Christopher Hartmann (b. 1993, Hassfurt) is a German-Costa Rican artist whose work blurs the line between intimacy and estrangement. Based in London, Hartmann builds a visual language rooted in both personal duality and cultural hybridity. Raised in Bamberg by his Costa Rican mother and German father, his identity bridges two worlds, a perspective that continues to inform his painting.
From an early age, drawing and painting became a natural extension of his life — first through his mother’s influence, later through formal studies in Barcelona, Central Saint Martins, and ultimately Goldsmiths University, where he completed an MFA in Fine Art in 2021. This combination of rigorous training and instinctive connection to the human figure shapes the depth of his practice today.
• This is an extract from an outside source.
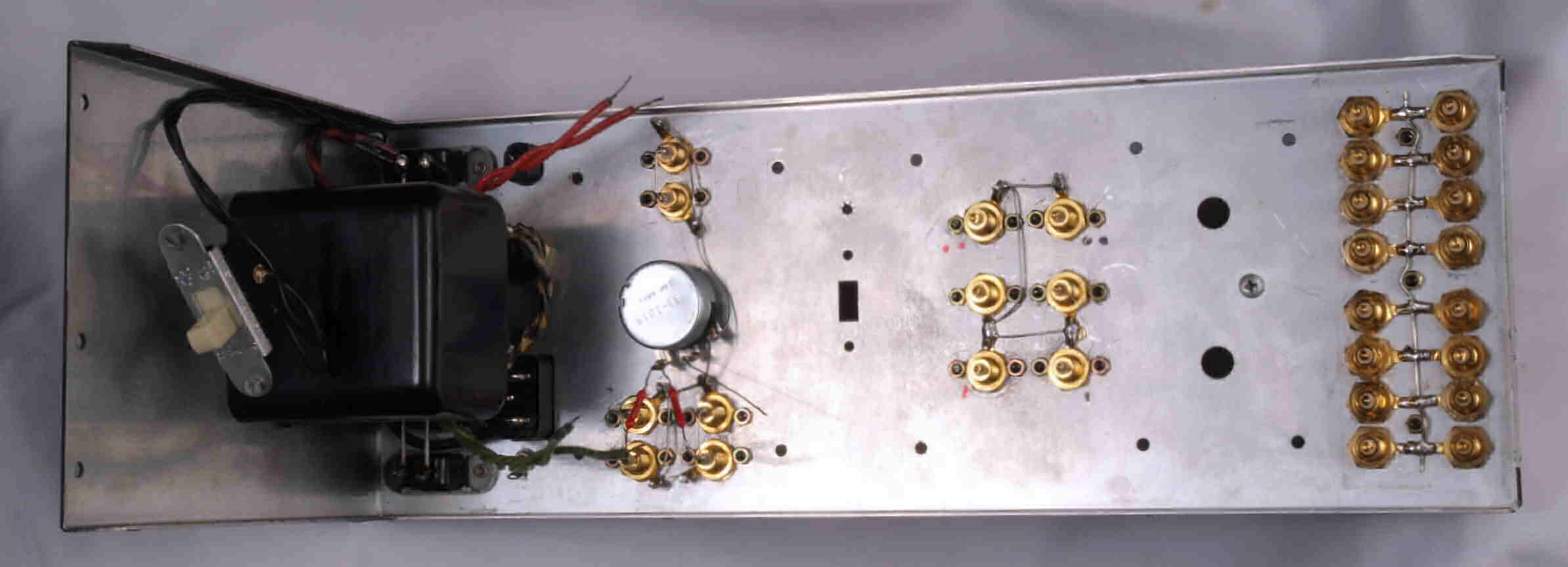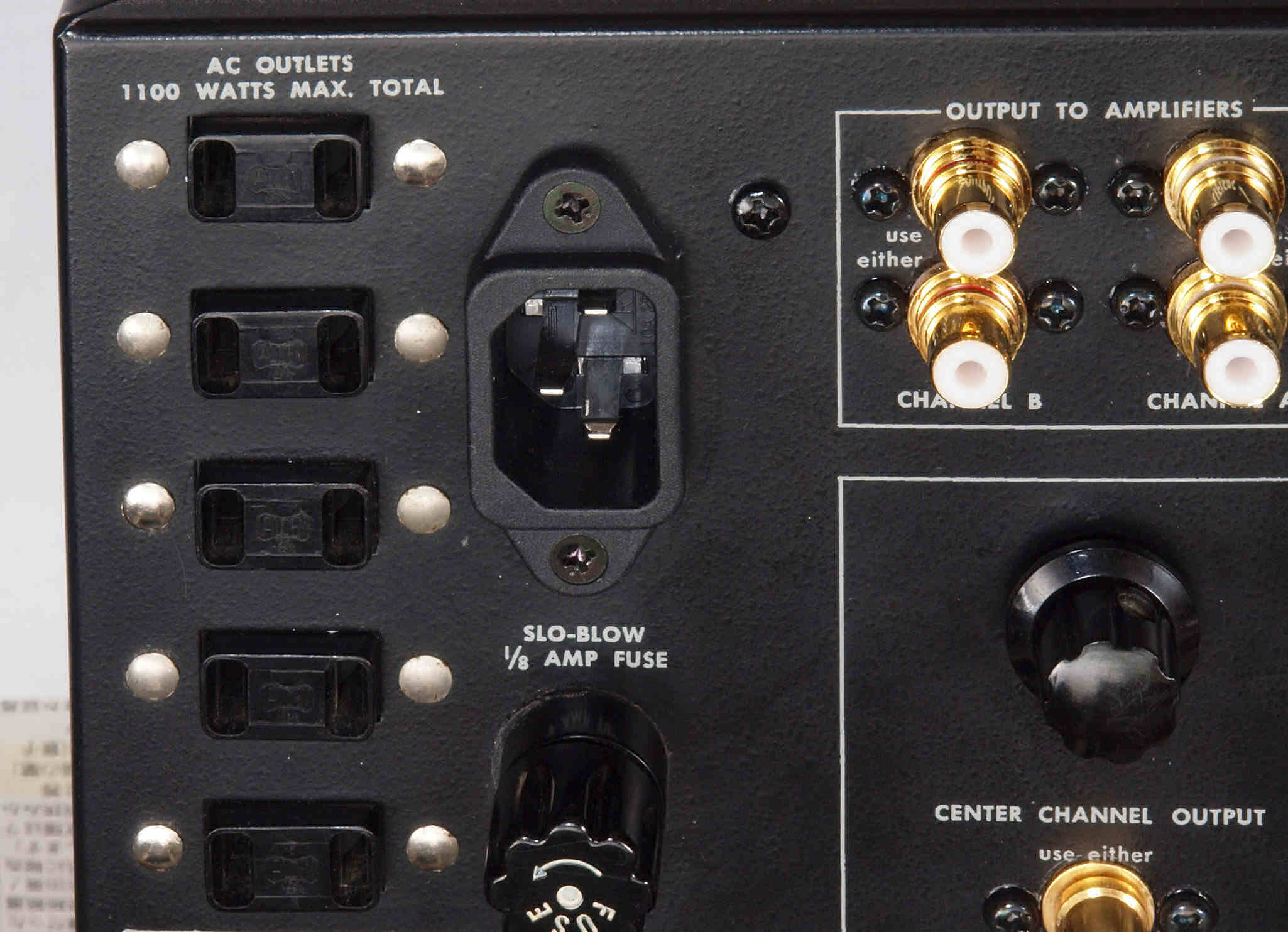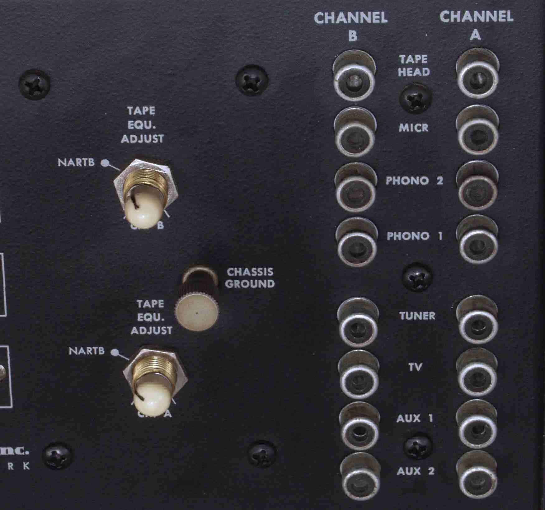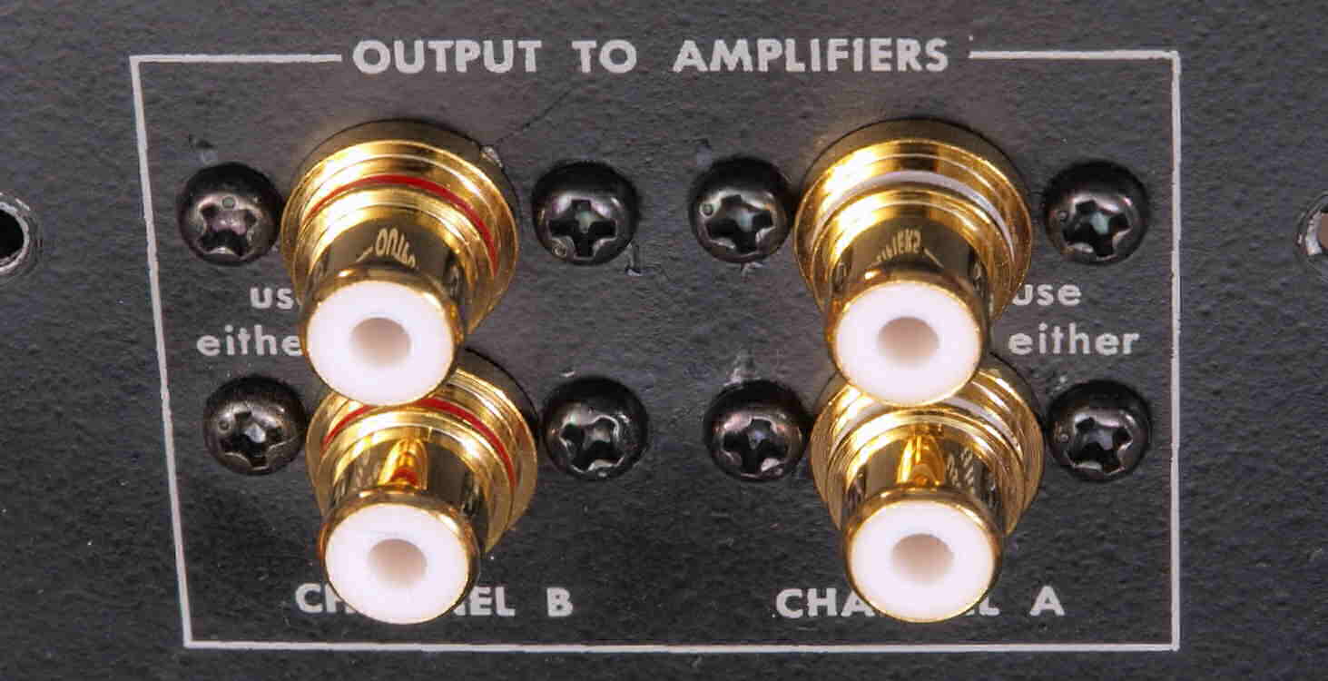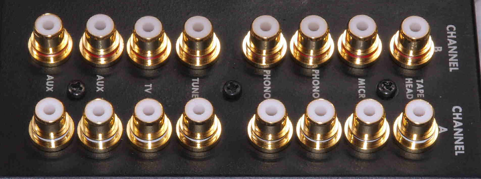 4.リヤパネルのピンジャクはプリアウトを1つとPHONO1のみで他は取り外し。

Exploring the Contradictions of Human Relationships
At the heart of Hartmann’s work lies the complexity of relationships. His figures appear suspended in time, captured in spaces of dialogue or silence, intimacy or alienation. They embody both closeness and distance, desire and detachment, tenderness and hostility.
“I’m interested in portraying the complexity, contradictions and ambiguity of relationships that oscillate between tenderness, distance and eroticism,” Hartmann notes. This tension — the impossibility of reducing relationships to a single narrative — makes his work resonate in an age defined by digital communication and emotional dissonance.

The Digital Body: Hyperrealism as Commentary
Hartmann’s painting technique reflects our oversaturated, screen-dominated world. Using layers of oil paint, he creates skin tones in scarlet, yellow, and over-bright hues that echo the luminosity of digital screens. Figures become eerily artificial, their smooth, blemish-free surfaces resembling photo-editing filters and uniform online aesthetics.
“The details are deliberately bleached out, making these bodies generic and repetitive — similar to social media filters or mainstream contemporary uniform,” he explains. This aesthetic choice positions his paintings as a critique of digital identity and the loss of authenticity in the age of simulation.
These larger-than-life figures, cropped and zoomed to confront the viewer, are both alluring and unsettling. They reveal the fragility of intimacy in a world where technology mediates human connection.

Exhibitions and Recognition
Hartmann’s rise has been swift and international. His solo exhibitions include Nightswimming at Blum & Poe, Los Angeles (2023), No Signal at KÖNIG GALERIE, Berlin (2022), and What I Want to Say Is This at the Nassima-Landau Foundation, Tel Aviv (2021). Group shows at White Cube, Unit London, and Neuer Aachener Kunstverein have further cemented his reputation as one of the most significant emerging voices in contemporary figurative painting.
Supported by the Elizabeth Greenshields Foundation and residencies at The Fores Project (London) and Nassima Landau Foundation (Tel Aviv), Hartmann continues to expand the boundaries of what figurative painting can mean in the 21st century.

Melancholy and Lightness
Not every work drowns in gloom. Some paintings hint at the absurdity of sexting during a time when touch was rationed, reminding us that human connection—whether profound or ridiculous—refuses to vanish.

The intimacy of his subjects and the charged simplicity of his compositions speak to a year where the smallest gestures became monumental.
Editor’s Choice
Christopher Hartmann’s work captures the paradox of our times: hyper-connected yet emotionally isolated, digitally saturated yet longing for authenticity. His paintings hold a mirror to our digital selves, offering viewers both recognition and discomfort.
It was a reminder that art not only survives crisis—it crystallizes it. Hartmann’s paintings will remain as witnesses to this strange chapter, their synthetic flesh and quiet figures whispering of the things we held onto, and the things we let go.
More than portraits, these works are psychological landscapes — haunting, hyperreal, and profoundly human. In them, Hartmann asks: what does intimacy look like in an era where our identities are increasingly mediated by the glow of the screen?
It was a reminder that art not only survives crisis—it crystallizes it. Hartmann’s paintings will remain as witnesses to this strange chapter, their synthetic flesh and quiet figures whispering of the things we held onto, and the things we let go.